Data Flow tasks of SSIS

Introduction
In my previous article, I am with Control Flow Tasks and Containers. In this article I am trying to discuss abut one of the control flows tasks named data flow.
If we think about a package of SSIS, it must contains one Control Flow tasks and can have zero, one or more data flow tasks.

How work with Data Flow Tasks
It is simple to work with data flow tasks. From Control Flow Items tools bar just drag the Data Flow tasks to the work space of Control Flow tabs and then double click the Data Flow Tasks.





Data Flow tasks Tool Box Objects
Data flow tasks has 3 types of Objects in tools box mentioned bellow.

1.    Data Flow Source Adapters
2.    Data Flow Transformations
3.    Data Flow Destination Adapter


Data Flow Source Adapter
It uses the package connections which points a server instance or file locations. The Source Adapter extracts data from source and moves it to direct Destination Adaptors or to Data Flow transformations and then from Data flow Transformation to Destination adapter.

Here there is one exceptions, the Raw File Adapters doesn't use any package connections. 

There are some common data flow sources adaptors are mentioned bellow.

1.    Data Reader: Make connection to a table or Query through a .NET providers
2.    Excel: Extracts data from Excel work sheet in the Excel file.
3.    Flat File: Make connection with delimited or fixed-width file.
4.    Raw File: Connect to binary type file.
5.    OLEDB: Connects to Installed OLEDB provider, such as SQL Server, Access, ORACLE etc.
6.    XML: Extracts data from XML file.

Data Flow Transformations
Transformations are used to modify or manipulate data in the data flow. It performs operations at one row at time or several rows of data at once.

There are wide verity of transformation tasks are present in the tools bar, what you choose is depends on what type of data processing is needed to complete your functionality. Depending of different nature of transformation, we can divide the transformation into 4 categories.

Category-1 [ Logical row-level transformations ]    
It's works on each and every rows of data flow one by one. `Some common used of there transformations are data type conversion, replacing NULL values, case conversion(lower case to upper case etc), row counts etc.

Category-2 [ Multi-Input and Multi-Output transformations ]    
It's works with more than one data input or can generate more than one output.
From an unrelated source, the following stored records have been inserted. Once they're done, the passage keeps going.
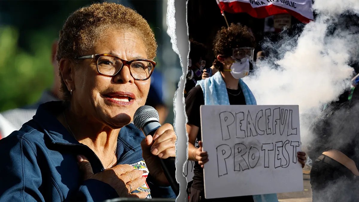 Karen Bass minimizó el alcance de las protestas contra ICE del año pasado que provocaron disturbios y enfrentamientos violentos con las autoridades. (Imágenes falsas)
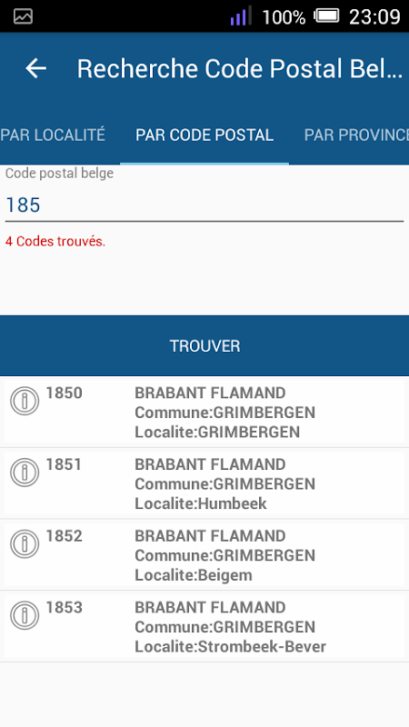 Encuentre un código postal en Bélgica por provincia, ciudad y localidad.
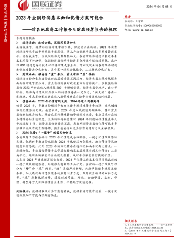 【国联证券】【20240408】对各地政府工作报告及财政预算报告的梳理:2023年全国经济基本面和化债方案可能性-17页 行业研究
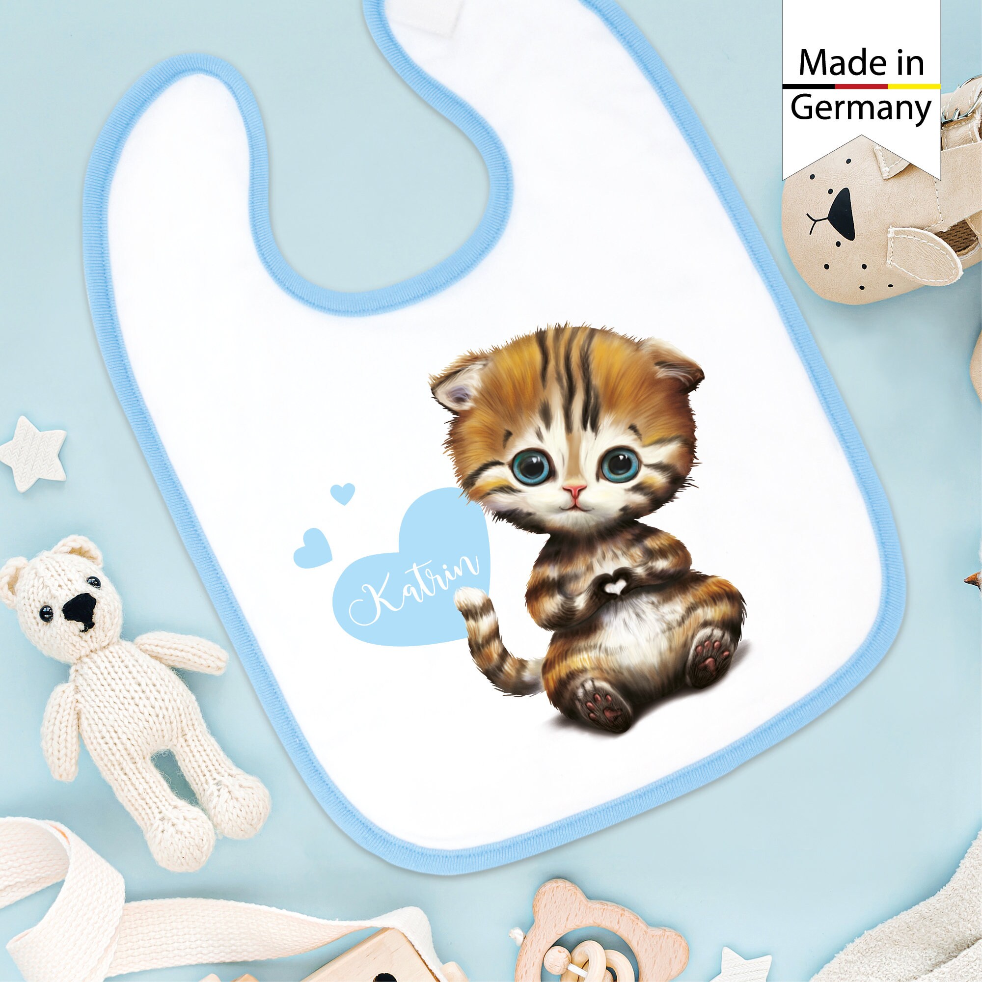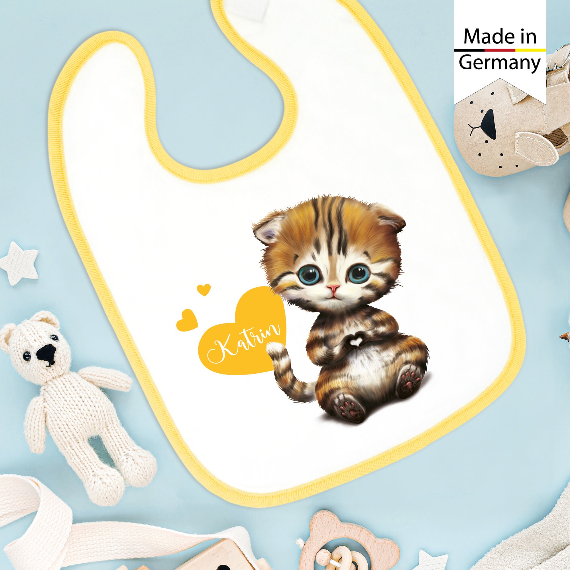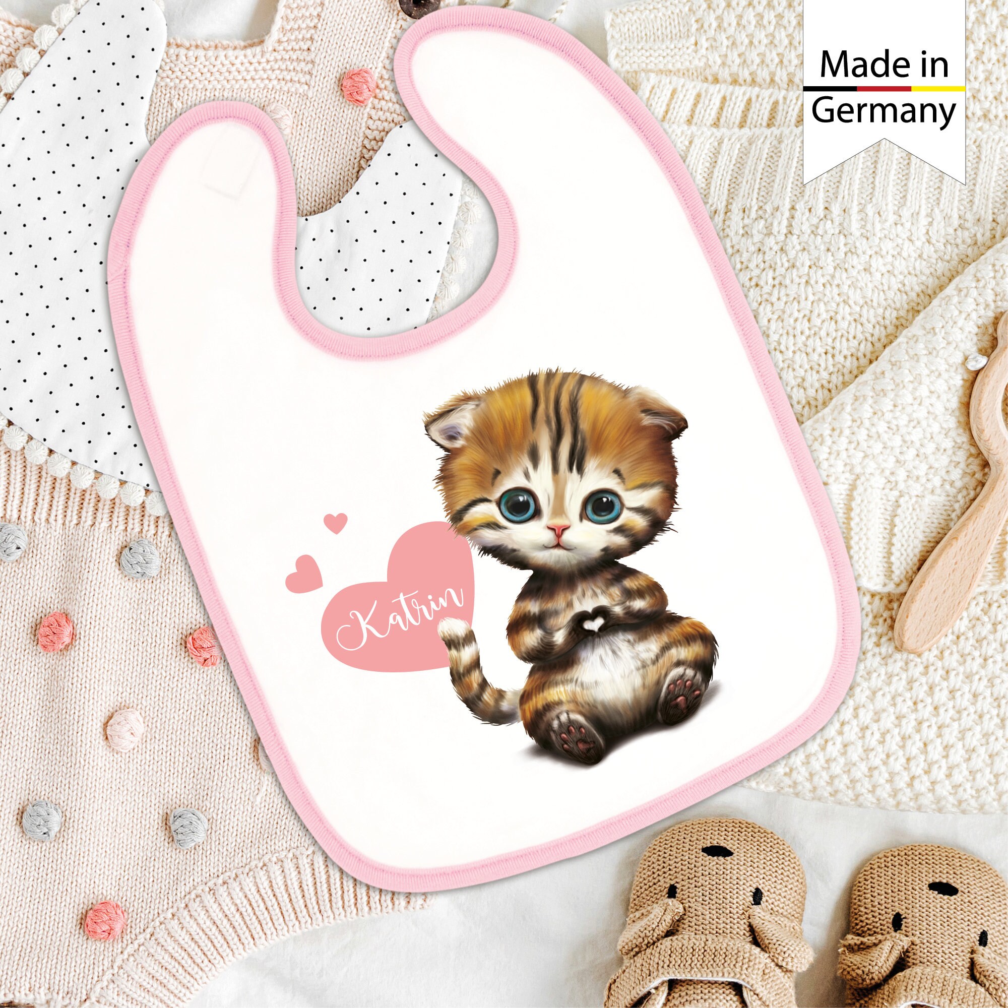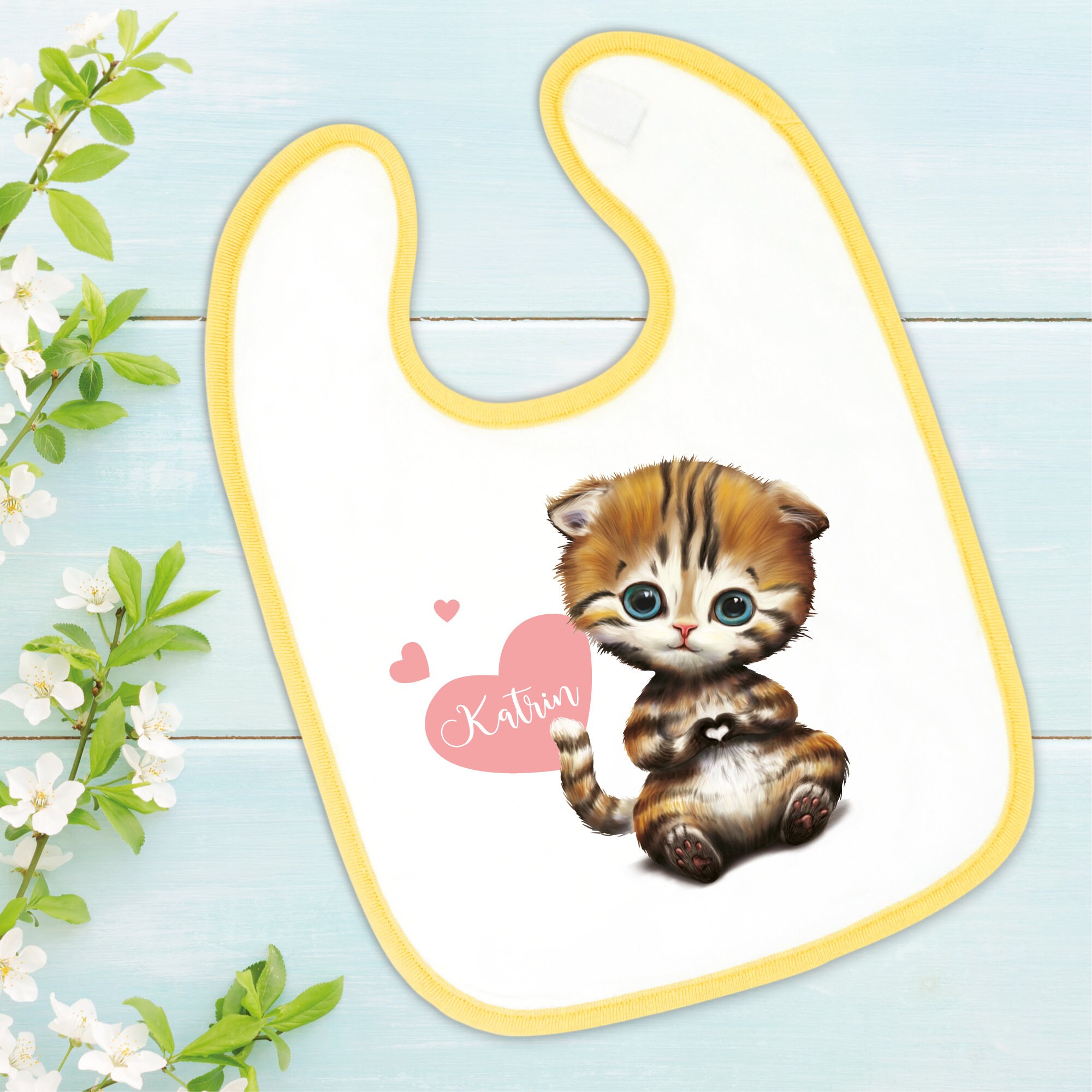 Bedrucktes Babylätzchen Katze Kätzchen Herz mit Klettverschluss Wunschnamen Individuell Kinder Lätzchen Kleinkind
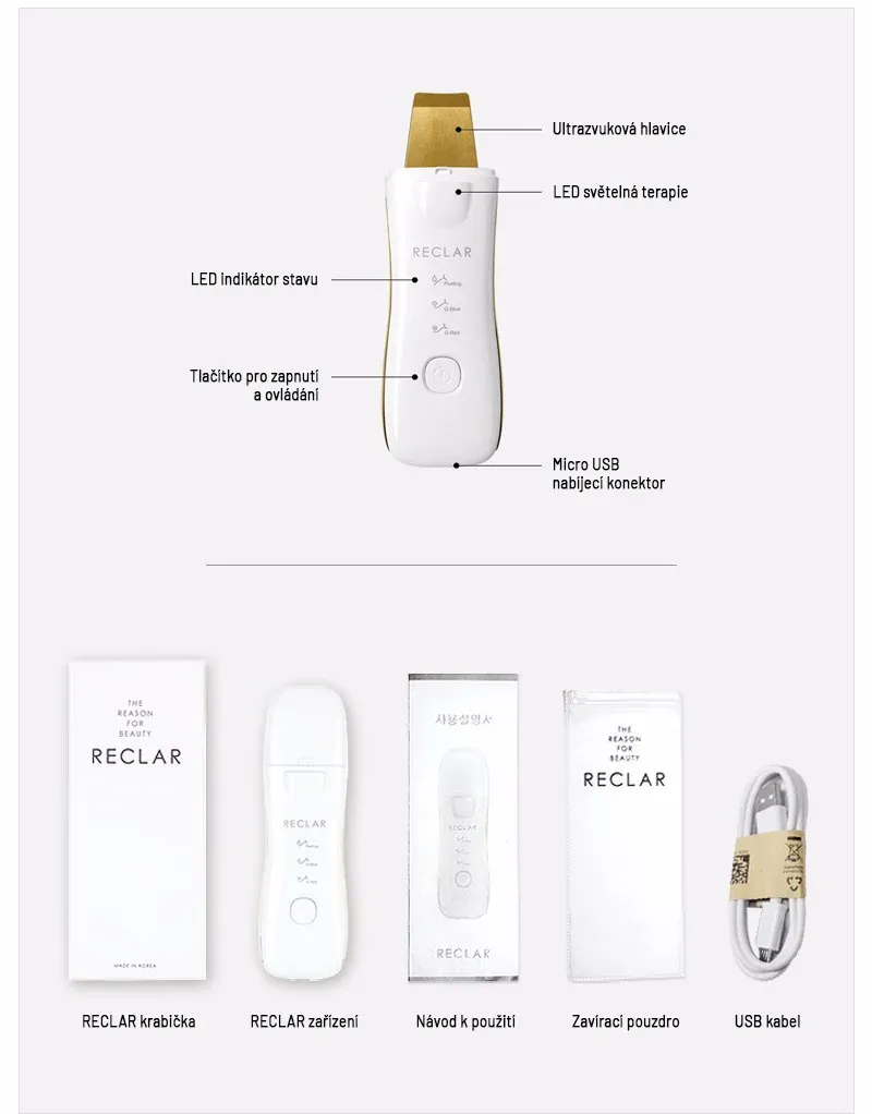 Vaše pleť bude hloubkově vyčištěna, díky modrému světlu se začnou hojit pupínky a zároveň předejdete jejich vzniku. Červené světlo zase dokonale odstraní vrásky, čímž dokáže stáhnout i póry. Hlavice je pokryta z 99,91% ryzím zlatem a špachtle je vhodná i pro tu nejcitlivější pleť.
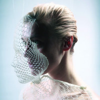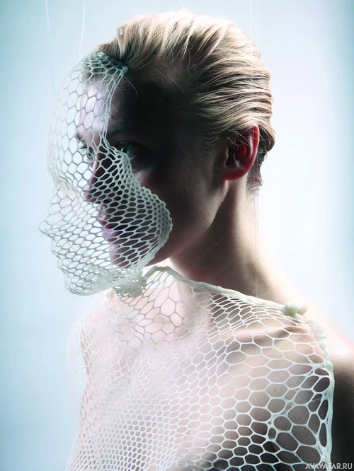 На снимке изображена женщина со светлыми волосами в белой маске над носом и ртом, скрывающая часть лица. Она, кажется, находится в помещении с отражающей поверхностью позади нее. Маска имеет сетчатый узор.
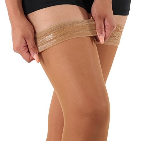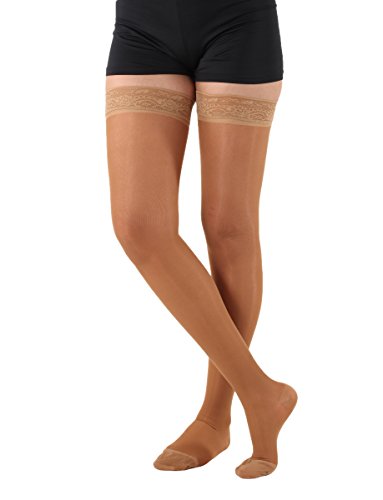 Sheer Support Thigh High With Lace Top 20-30mmHg Compression Sheer Support Thigh-Hi w/Lace Top 20-30 Compression. Made In USA sold per pair. These sheer thigh high are designed to help restore leg health and reduce leg discomfort. They provide long-lasting medical-grade support, yet have a sheer look and feel that appeals to today's active, fashion conscious woman - excellent for business or casual wear. Made with 80% Nylon, 20% DuPont Lycra Spandex
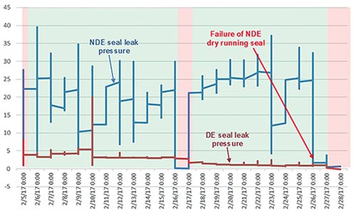FIG. 2 shows the pressure trend for the drive end (DE) and the NDE seal leakage detection pressure for the complete 23-d duration of the seal operation.
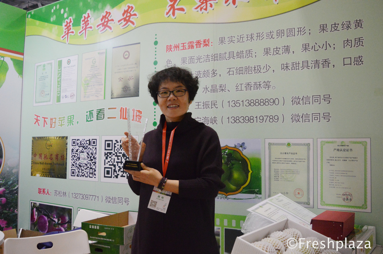 Huang Fanfan from Luochuan MeiYuGao Biotechnology Co., Ltd, expert company in apple agricultural services, cold chain logistics and marketing. // 洛川美域高生物科技有限责任公司 , 一家以苹果农资服务、冷链运输、市场营销为一体的苹果全产业链企业。
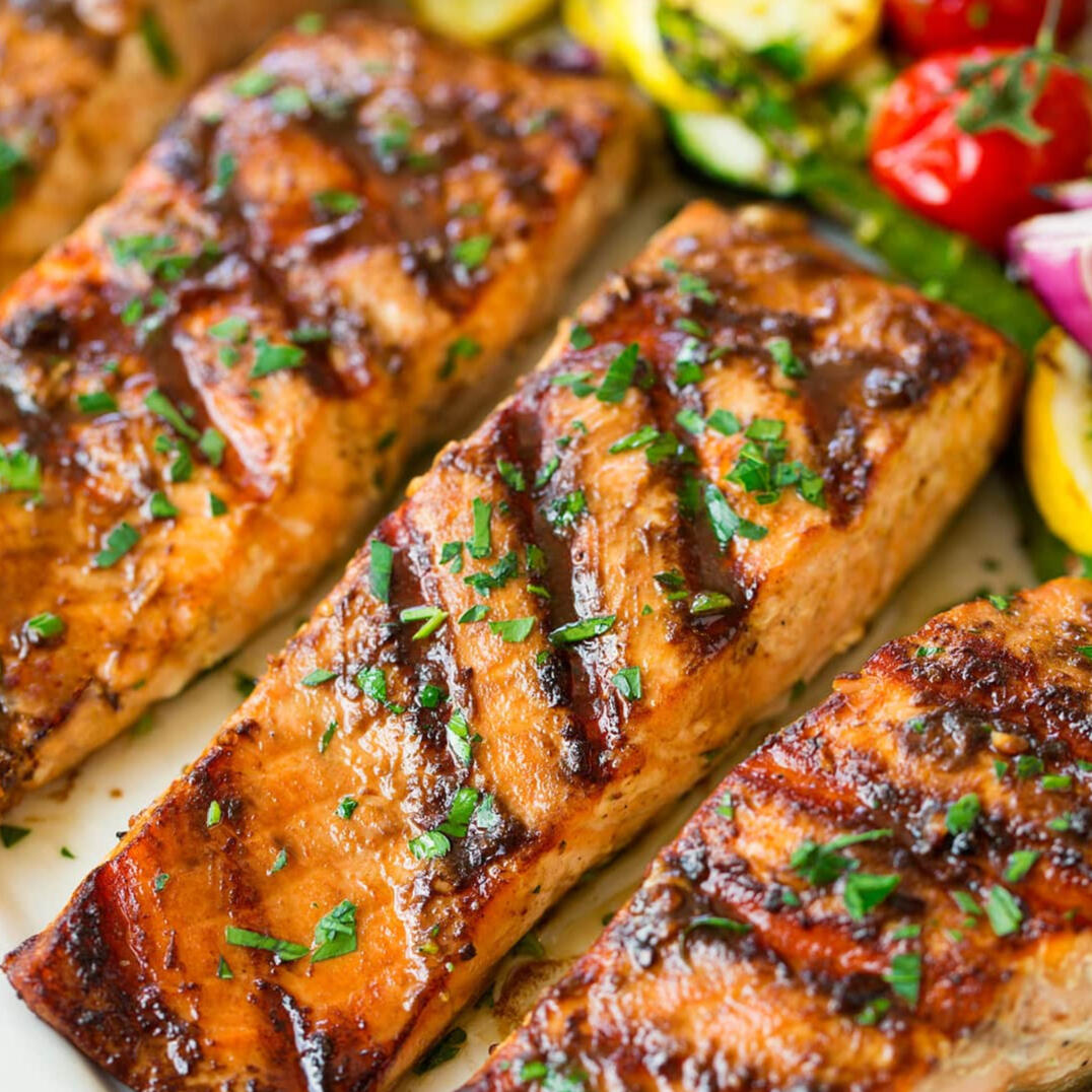 Just kissed with a butter-basted crust, this grilled, honey-glazed salmon is dressed to impress. A smooth sauce of reduced white wine, soft cream, butter and a hint of vanilla enrich the dish browned fish from underneath, while a spread of finely chopped garlic and green onions is peppered atop of it. Finalized with a few squirts of lemon, the dish comes to you packing fresh, light flavours. Garnished with grilled cherry tomatoes, cucumber and boiled small popotoes.
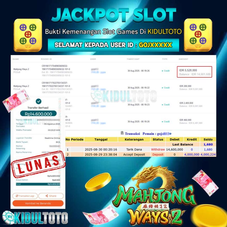 Kabar gembira datang dari KIDULTOTO! Salah satu member setia kami, dengan User ID GOJ**** berhasil mencetak kemenangan besar senilai 14.600.000 . Kemenangan fantastis ini menjadi bukti nyata bahwa keberuntungan bisa datang kapan saja bagi siapa saja yang bermain dengan semangat dan strategi.
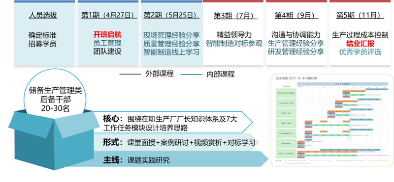 遠東于行業(yè)內率先引入精益生產(chǎn)”、智能制造”理念,遠東大學生產(chǎn)學院針對不同條線、不同崗位導入精益生產(chǎn)各個模塊的學習內容,舉辦有精益廠長特訓營、精益班組長特訓營、精益標桿游學項目,同時開辦了匠師項目-面向中高層管理人員、匠研項目-面向研發(fā)人員、匠英項目-面向基層管理人員、匠工項目-面向一線操作類人員。
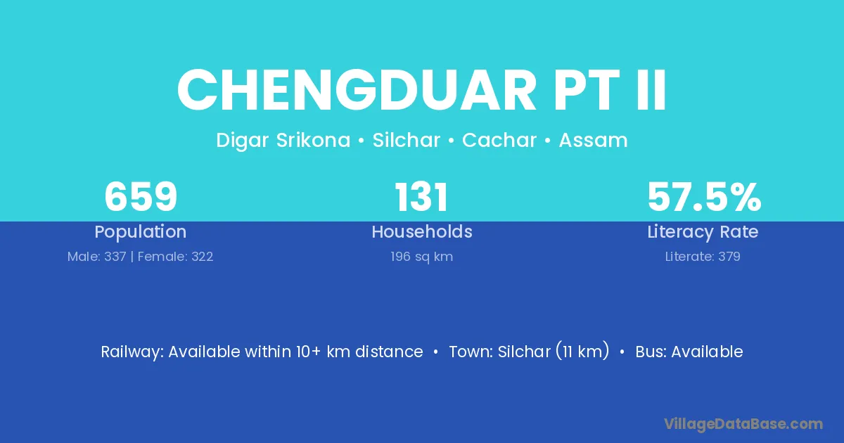 Chengduar Pt Ii village has a total population of 659 people, of which 337 are males and 322 are females.
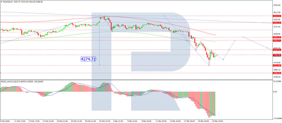 On the H4 XAU/USD chart, the market is forming a consolidation range around the 4,383 USD level. An upside breakout would open the path for a correction towards 4,850 USD, while a downside breakout could see the downward wave extend to 4,272 USD. The MACD indicator confirms the current momentum, with its signal line below the centre line but pointing sharply upwards.

It's have the ability to combine or branch data from one or more sources to one or more destination. Common examples are Union All, Merge-Join, Multicast etc.

Category-3 [ Multi-Row transformations ]    
It's performs works based on criteria from multiple inputs rows or generate multiple output rows from a single input rows. This type of transforms has more memory overhead. But from business prospective it is very important. Some common examples are Aggregate, Pivot, Sort, Row Sampling etc.

Category-4 [ Advanced Data-preparation transformations ]    
It's works on rows in the data flow pipeline. Some common examples are OLE DB Command, Fuzzy Grouping, and Scripts Components etc.

Data Flow Destination
It is the end point of the package. It is just like the Data flow source to use the package connections. It defines the destination where the processed or unprocessed data are pushed. If we take an example, suppose we want to store the final output of the package in a excel file than we must select the Excel Destination adapter.

To understand it properly
Sometimes real life examples help us to understand properly. Here I am taking a real life example to understand it properly. Think about postal services.

Step-1 [ Data Flow Source Adapters ]
Postman collects postage from different sources like post box, registered postage, and parcel from customer home.

Step-2 [ Data Flow Transformations ]
Then in the post office, they check the details of each and every postal baggage like the stamps are corrects or not, delivery address etc.. ect.. and process them.

Step-3 [ Data  Flow Destination Adapter ]
Postman goes to the delivery address and delivers the postage.